RECORDS FOR THIS EXERCISE Start Marker

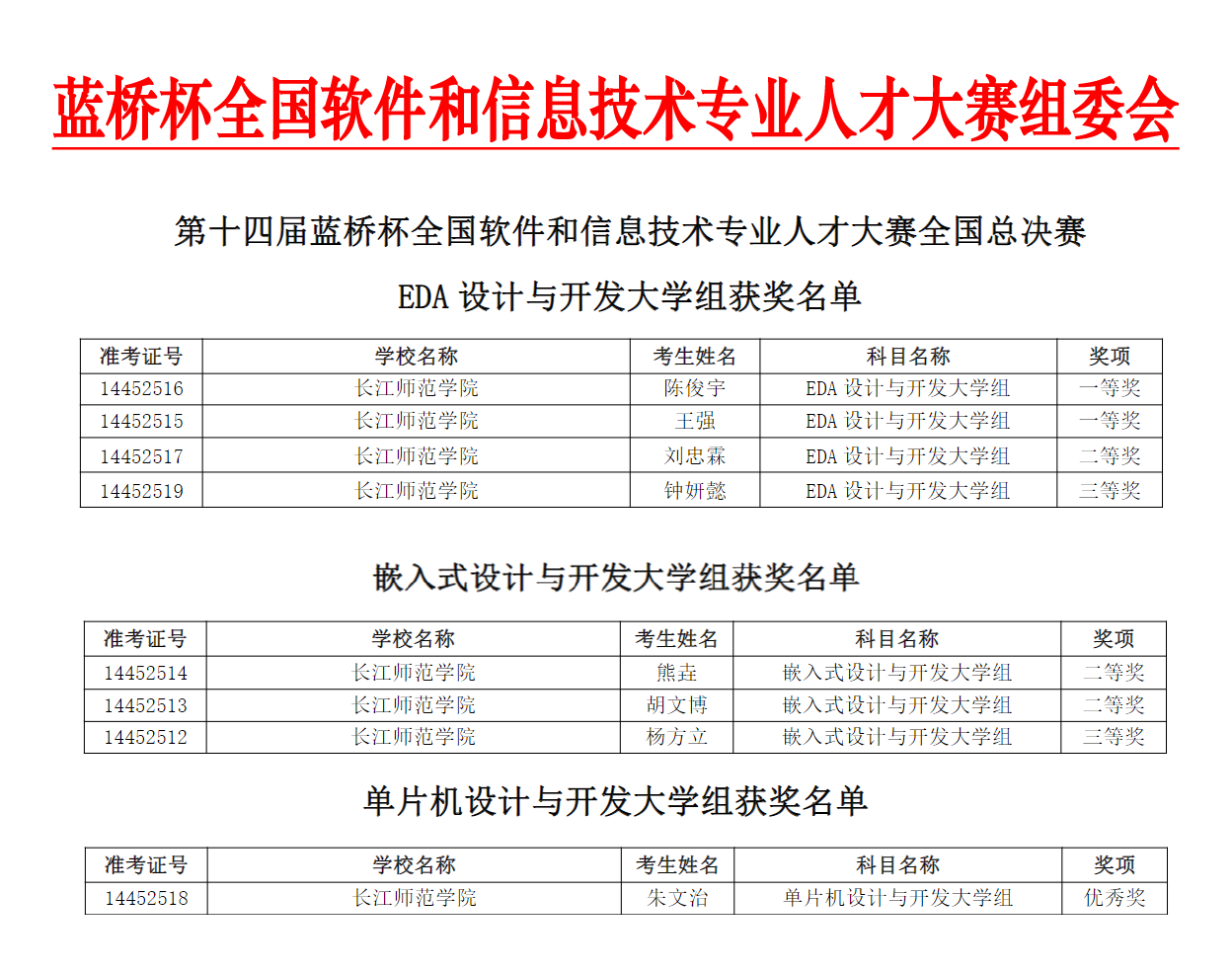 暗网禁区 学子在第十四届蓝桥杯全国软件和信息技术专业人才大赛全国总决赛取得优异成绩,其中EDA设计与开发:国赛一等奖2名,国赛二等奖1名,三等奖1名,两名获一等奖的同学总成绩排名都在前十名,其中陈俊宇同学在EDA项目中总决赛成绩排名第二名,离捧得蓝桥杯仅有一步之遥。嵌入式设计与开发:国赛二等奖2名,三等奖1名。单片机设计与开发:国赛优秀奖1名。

RECORDS FOR THIS EXERCISE End Marker
RECORDS FOR THIS EXERCISE Start Marker

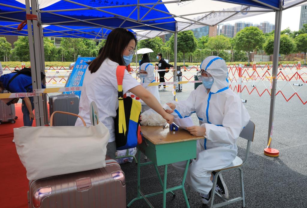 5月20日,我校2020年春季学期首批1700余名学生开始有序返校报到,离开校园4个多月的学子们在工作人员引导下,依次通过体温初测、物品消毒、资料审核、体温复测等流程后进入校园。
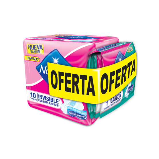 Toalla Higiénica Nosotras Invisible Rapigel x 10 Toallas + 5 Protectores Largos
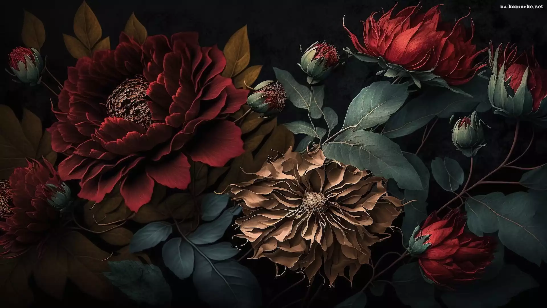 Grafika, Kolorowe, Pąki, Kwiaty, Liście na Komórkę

RECORDS FOR THIS EXERCISE End Marker

*DIRECTIONS*
Starting with the line that has "5月20日,我校2020年春" and ending with the line that has "Grafika, Kolorowe, Pąki, Kwiaty, Liście", repeat the lines above exactly, omitting every picture.

*ANSWER BOX*
 5月20日,我校2020年春季学期首批1700余名学生开始有序返校报到,离开校园4个多月的学子们在工作人员引导下,依次通过体温初测、物品消毒、资料审核、体温复测等流程后进入校园。
 Toalla Higiénica Nosotras Invisible Rapigel x 10 Toallas + 5 Protectores Largos
 Grafika, Kolorowe, Pąki, Kwiaty, Liście na Komórkę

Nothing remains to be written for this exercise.